16. Seventh, Plaintiff argues that his daily activities are not inconsistent with a finding that he is disabled. (Pl.'s Mem., p. 22.) Plaintiff maintains that his "limited performance of some activities does not rise to a level comparable with full-time sustained employment. (Id.)
This argument is rejected. As an initial matter, this Court disagrees with Plaintiff's contention that his ability to cook, do laundry, clean, shop, use public transportation, pay bills, attend college, and paint homes is not necessarily inconsistent with finding him to be disabled. (R. at 136-39, 158, 383, 709-10.) But even if this Court agreed with Plaintiff, it would not affect the outcome of the ALJ's disability determination because the ALJ not only relied upon Plaintiff's performance of certain activities, but also relied on the medical evidence of record. And after weighing all of the evidence in its totality, the ALJ concluded that Plaintiff was not disabled. Thus, Plaintiff's final challenge is denied.
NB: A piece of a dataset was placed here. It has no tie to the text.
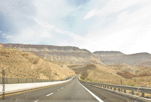 desert, rock, sand, street, road, america, american, scenic, us, sky, clear, nature, curve, guard rail, concrete, hill, mountain, curved, nobody, arizona, country road, summer, natural

17. After carefully examining the administrative record, this Court finds that substantial evidence supports the ALJ's decision in this case, including the objective medical evidence and medical opinions contained therein. This Court is satisfied that the ALJ thoroughly examined the record and afforded appropriate weight to all of the medical evidence in rendering his decision that Plaintiff is not disabled within the meaning of the Act. Finding no reversible error, this Court will grant Defendant's Motion for Judgment on the Pleadings.
IT HEREBY IS ORDERED, that Defendant's Motion for Judgment on the Pleadings (Docket No. 5) is GRANTED.
FURTHER, that Plaintiff's Motion for Judgment on the Pleadings (Docket No. 7) is DENIED.
FURTHER, that the Clerk of the Court shall close this case.